Nigeria's UTM Offshore Ltd. has received approval to construct the West African nation's first floating liquefied natural gas facility.
The Nigerian Midstream and Downstream Petroleum Regulatory Authority issued the license-to-construct to the company for an LNG project estimated to produce 2.8 million metric tons per year.
Speaking at the event, the Authority Chief Executive, Farouk Ahmed, said: "This marks a significant milestone and aligns with the gas expansion ambitions of the government."
The project is in line with the nation's aspiration to tap its 206 trillion cubic feet of proven gas reserves; most of which are currently either flared or re-injected into wells.
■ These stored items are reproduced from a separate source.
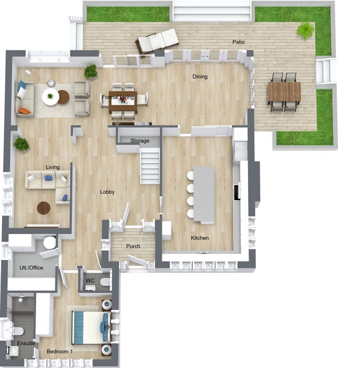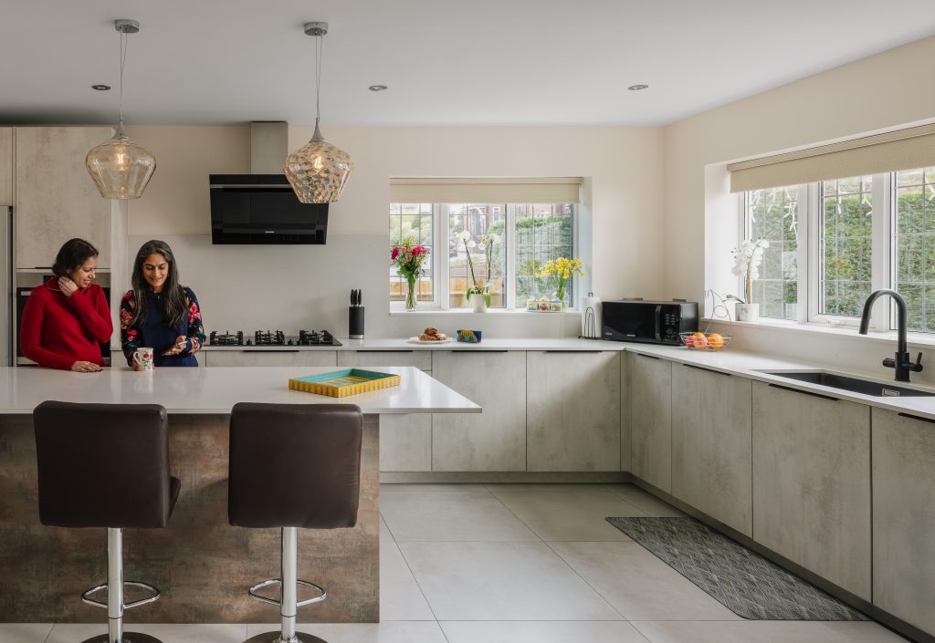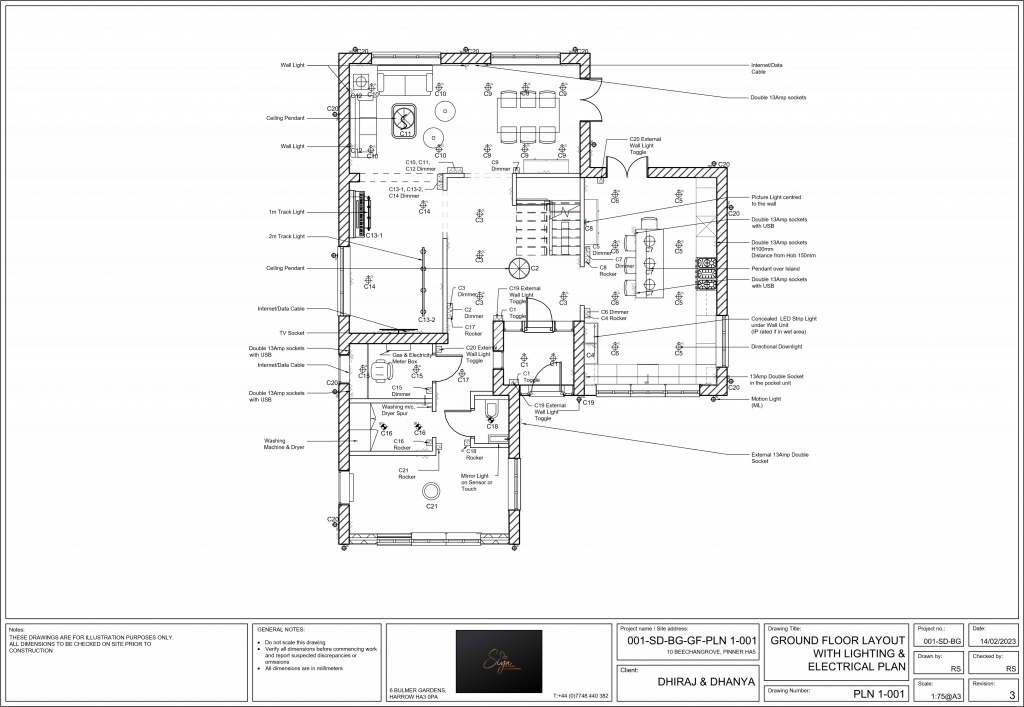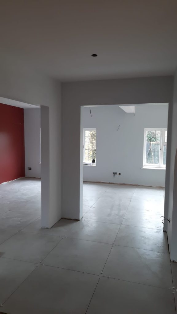 This project began as a colour scheme and lighting plan consultation but gradually expanded to encompass the design and layout of the entire open-plan space on the ground floor. This included decisions on colour schemes, door placements, optimizing gaps in walls for better traffic flow, and selecting tiles and flooring. Although the kitchen had already been chosen by the clients, adjustments were made to the placement of the island for improved efficiency.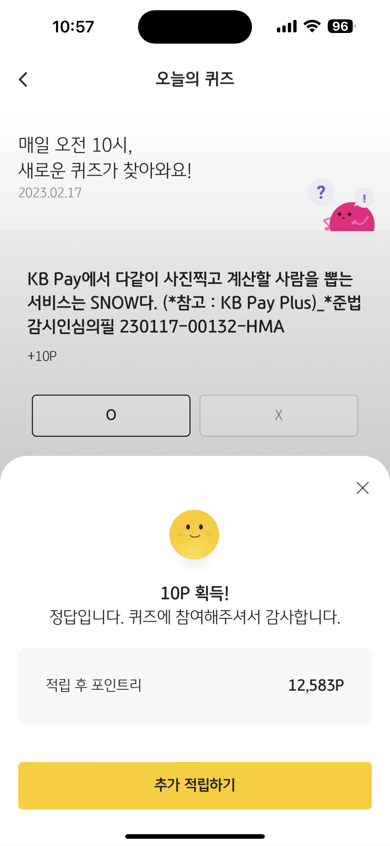 KB Pay에서 다같이 사진찍고 계산할 사람을 뽑는 서비스는 SNOW다. (*참고 : KB Pay Plus)_*준법감시인심의필 230117-00132-HMA O,X 퀴즈인데요. 오늘의 정답은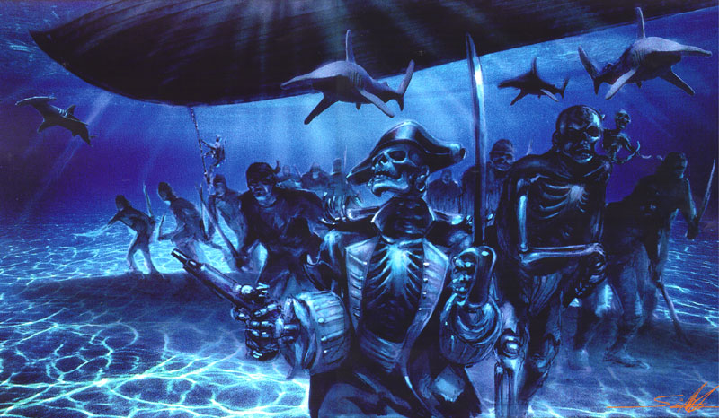 Barnacle covered zombie pirates, a pirates of the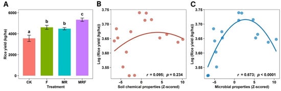 More interestingly, although the MR treatment achieved the highest soil chemical and microbial indices (Supplementary Table S1), the highest rice yield was obtained under the MRF treatment. This outcome suggests that there was a nonlinear relationship between the rice yield and soil properties, which would be consistent with the quadratic correlations between soil properties (especially for soil microbial properties) and the rice yield (Figure 1B,C). This observation is consistent with previous work related to the impact of soil properties on the crop yield [42,43]; these studies highlighted that it is the optimal, rather than maximum, soil chemical and microbial values that benefit crop productivity. There could be various factors explaining this phenomenon, for example, higher and/or lower-than-optimum soil pH is usually considered a major obstacle to crop productivity [42]. In addition, the combined effect of soil properties (e.g.,; pH and/or nitrogen) on plant growth may be superimposed. For example, it was found that high soil pH and nitrogen could superimpose on each other and together have a negative effect on the rice yield [42]. Another potential explanation may be that there could have been an optimal enzyme concentration that accelerated the hydrolysis and fermentation of the available organic carbon form for plant growth. An increase in enzyme concentration can indeed accelerate plant growth due to a surplus in carbon availability; however, a continuous increase in enzyme concentration may result in no marked effect on plant production [44]. In this study, the soil chemical and microbial properties may have become optimal for rice plant growth under MRF. Collectively, the abovementioned factors provide plausible reasons for why MRF, with its moderate soil chemical and microbial indices, achieved the maximum rice yield.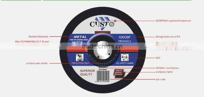 T42 Depress Center Abrasive Cutting Wheel, for Stainless Steel Cutting Wheel of China Manufacturer Sanfeng

Ahmed said UTM was initially granted a license to build 1.2 million tons per annum facility in 2019, but it was upgraded to 2.8 million tons "because of increased LNG demand in the market.
The plant, located in offshore Akwa Ibom state in the oil-rich Niger Delta, is expected to be inaugurated in 2028, with first-gas a year later. It will produce LNG, petroleum gas and condensate.
Similarly, UTM Chief Executive Officer, Julius Rone, the company had already signed a memorandum of understanding with the African Export-Import Bank in 2021 to raise as much as $2 billion for the project, and the bank has received a first-level approval to invest $350 million in the project.
He said the company had also concluded contracts with Japan's JGC Corp. and Houston-based KBR Inc. to design the project, with Vitol Group having an off-take agreement for LNG produced at the facility.
Also, last year, the company signed a deal that saw state-owned Nigerian National Petroleum Co. Ltd. take a 20% stake in the project.
UTM had proposed getting feedstock for the project at an offshore oil field that's operated by Exxon Mobil Corp. in partnership with the NNPC, but that asset is in the process of being sold to Seplat, which has ambitions of its own to develop its vast gas reserves.
Rone, said: "It is a stranded gas that can only be monetized through a floating LNG technology. It will only add to Seplat's balance sheet to say they have a ready-made buyer for a gas they have not developed."